Practical informations
Packages
Controller interface : Controller bottleneck
- Main methods description
- Script example

Practical informations

You may encounter code that uses terms referring to metabolomics, such as function names beginning with metabo_. This dates back to when the code was developed for metabolomics matrices. A refactoring has been carried out, but it is not yet complete. This does not change the fact that PICO can accept any tabular data (with enough samples).

Interface

The transition between different experiment on the interface is not optimized. If results are loaded from a previous experiment while the interface is already displaying results, make sure to click on the “load” button in the “Results” and “Results aggregated” tabs because the figures will not be cleared when loading a different experiement. To avoid any kind of confusion, it is best to restart the interface in between.

Logs and results savings

Both are saved in a directory called pico_files in the home directory of USER.

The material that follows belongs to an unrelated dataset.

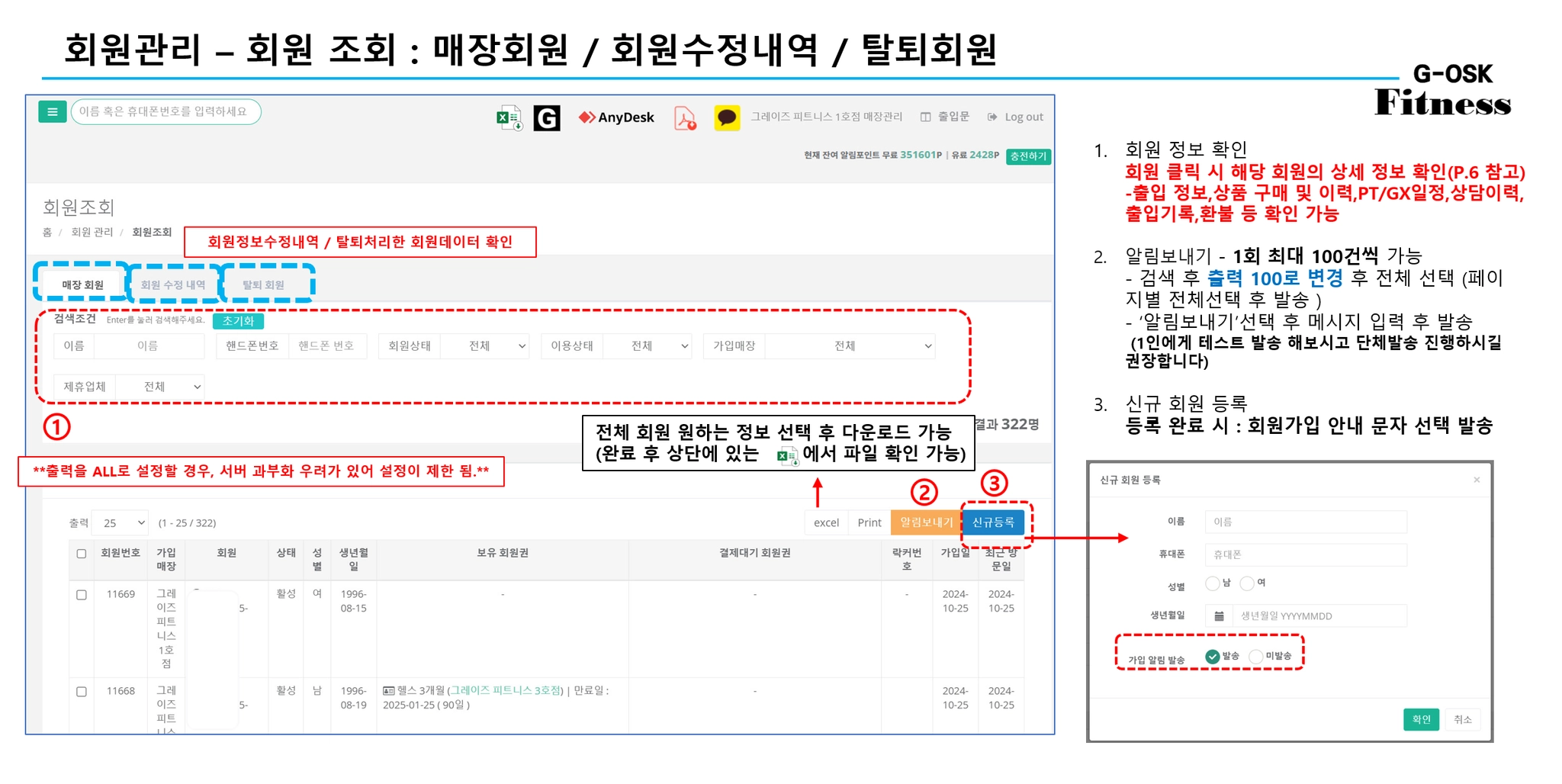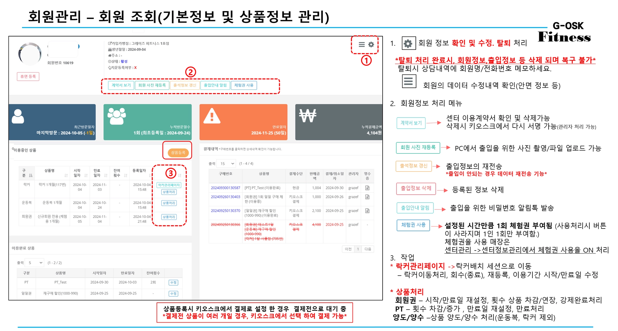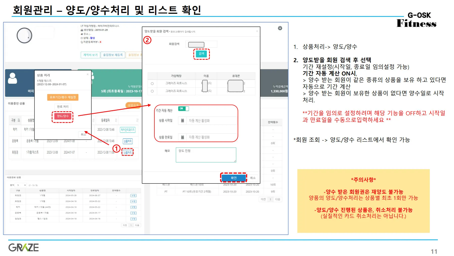 1.양도/양수 진행할 회원 상세정보로 이동 2. ‘상품처리→양도/양수’ 버튼을 눌러 양도/양수 처리

Linux : /home/USER/pico_files/
Windows : C:\Users\USER\pico_files\
Mac : /Users/USER/pico_files

Logs

Logs will be in pico_files/logs. There is one file per day, with the extension .log. In the event of multiple experiments in one day, each will be added at the end of the file every time (the content of the file is chronologically ordered).

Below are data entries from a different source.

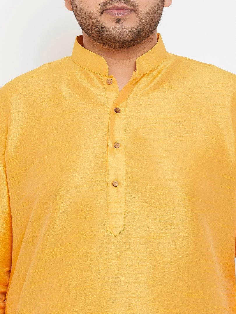 Yellow solid knee length straight kurta, has a mandarin collar, long sleeves, button placket, Straight hem, side slits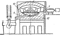 Она имеет рабочее плавильное пространство, ограниченное снизу подиной 12, сверху сводом 11, а с боков передней 5 и задней 10 стенками. Подина имеет форму ванны с откосами по направлению к стенкам печи. Футеровка печи может быть основной и кислой. Если в процессе плавки стали в шлаке преобладают основные окислы, процесс называют основным мартеновским процессом, а если кислые — кислым. Основную мартеновскую печь футеруют магнезитовым кирпичом, на который набивают магнезитовый порошок. Кислую мартеновскую печь футеруют динасовым кирпичом, а подину набивают из кварцевого песка. Свод мартеновской печи делают из динасового кирпича или магнезитохромитового кирпича. В передней стенке печи имеются загрузочные окна 4 для подачи шихты и флюса, а в задней — отверстие 9 для выпуска готовой стали.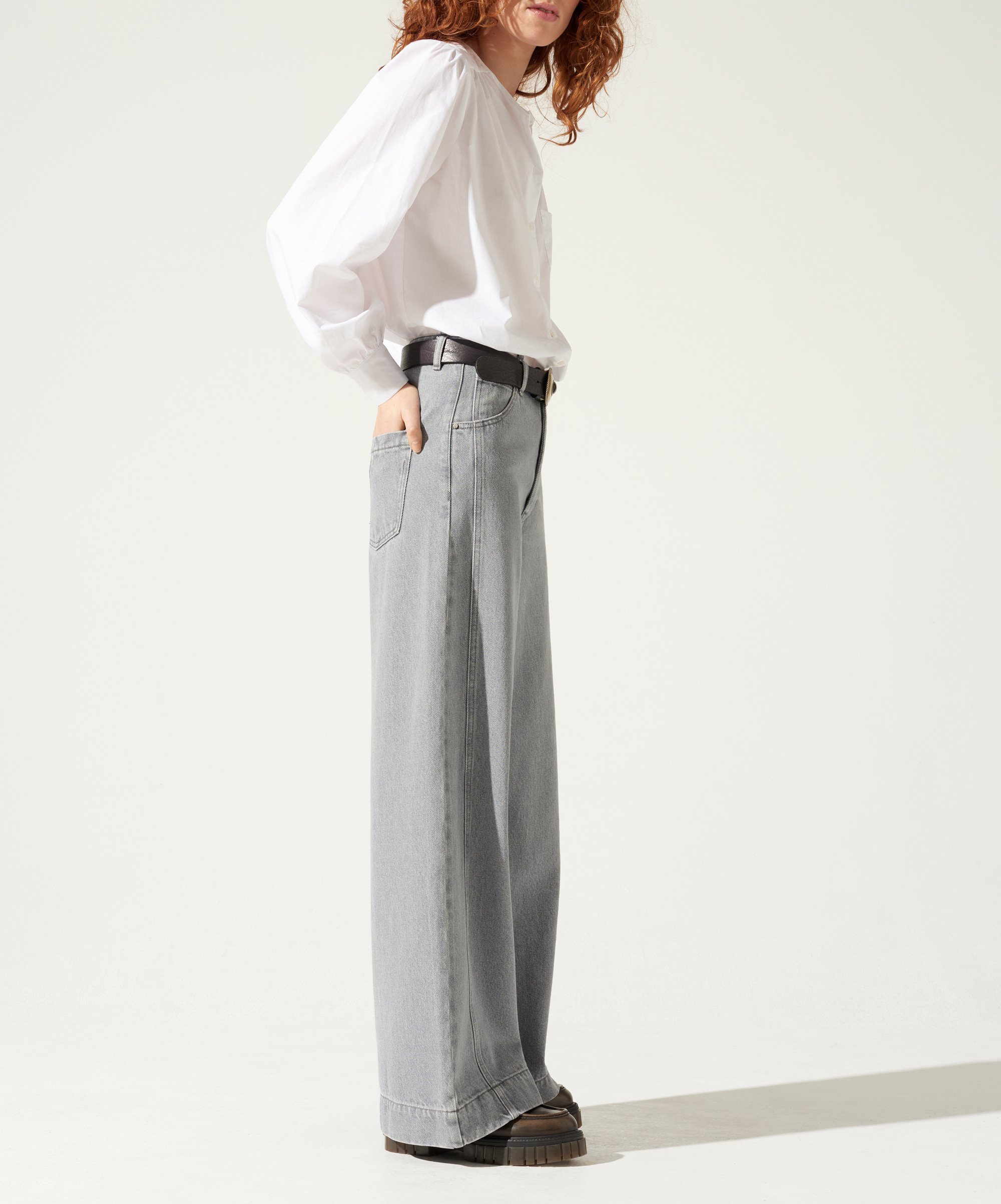 • Caractéristiques clés : Jean large à taille haute en toile denim 100% coton avec jacron cuir au dos.
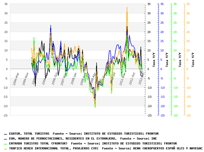 - El turismo entra en negativo en todos sus componentes: entrada de turistas, gasto, tráfico aéreo internacional y pernoctaciones, después de estar en positivo de forma casi ininterrumpida desde hace dos años.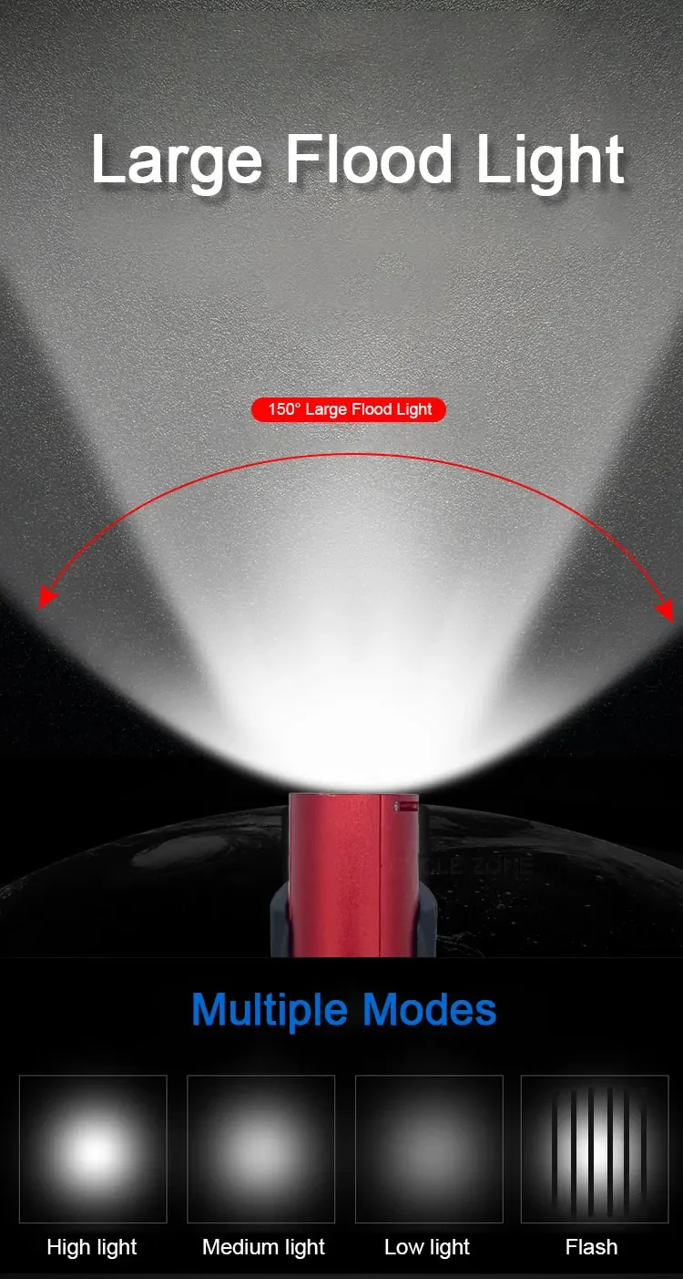 4 lighting modes: strong light – medium light – weak flash light – off (click to switch).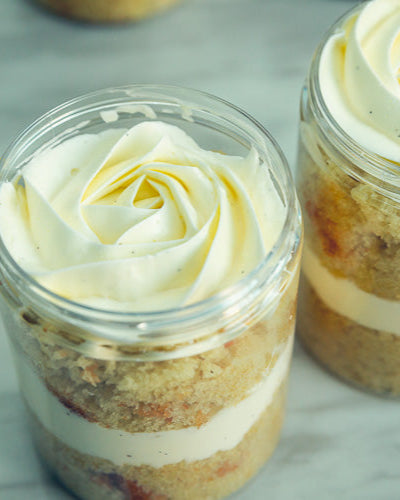 A classic favourite. Soft vanilla sponge with silky whipped vanilla Swiss meringue buttercream. Simple, timeless, and delicious.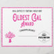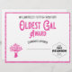 Tenha algum divertimento e distribua este prêmio o mais velho do galão em sua cerimónia de prêmios da reunião de família. O rosa, preto e branco com olhar afligido inclui uma árvore genealógica com um coração e um logotipo da reunião de família. Escreva no nome dos vencedores do prêmio, adicione seu nome de família, ano de evento e lugar do evento. Lembrança agradável da lembrança da reunião de família.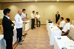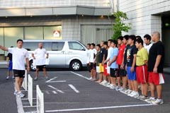 | 渕ノ上文也団長あいさつ | コーチ陣のあいさつ | 結団式後の練習 | 日本選抜チーム |

There is no automatic cleaning of this directory, once in a while you might want to deleted unnecessary/older files.

Results

The .mtxp results files will be in pico_files/saves. For a complete experiment there is two files. The name structure is pico_STEP_YYYYMMDD_HHMMSS.mtxp, where STEP is either “splits” or “ml”.

Memory usage

The tool is not optimizing the memory for a high number of samples. It means that depending on the specifications of the computer used, a certain high number of samples might be impossible to run. The higher the performances, the higher the possible number of samples. This considers a fat dataset with at least 2-3 times more features than samples. Experiments with ~3000 features for ~1000 samples and ~15 000 features for ~200 samples have been performed on a personnal computer without trouble. For bigger datasets, it is recommended to run the experiment on a server.

Packages

Domain (backend): It contains all the logic that composes PICO. This package can access freely the Service package. All the communication with the UI package must pass by the controller. This allows us to modify the Domain if necessary without having to modify the UI too.
User Interface (frontend): It contains all the classes that are used to display the web interface of PICO. It manages only the interface and connects to the Domain by the controller only.
Service: It can be accessed by both other packages and contains methods that are frequently used in different classes.
Command Line Interface (CLI): Provides the structure to interact with the PICO by command line.
Tests: Contains all tests run with pytest

Controller interface : Controller bottleneck

This section can be used as a high-level documentation of the Controller class that serves as bottleneck between the frontend and backend. This class can be used to integrate PICO in a Python script.

Main methods description

set_metadata(filename: str, data=None, from_base64=True)
This function sets the metadata using the path specified in parameter. The from_base64 parameter must be set to false if your file isn’t encoded (csv, xlsx, …).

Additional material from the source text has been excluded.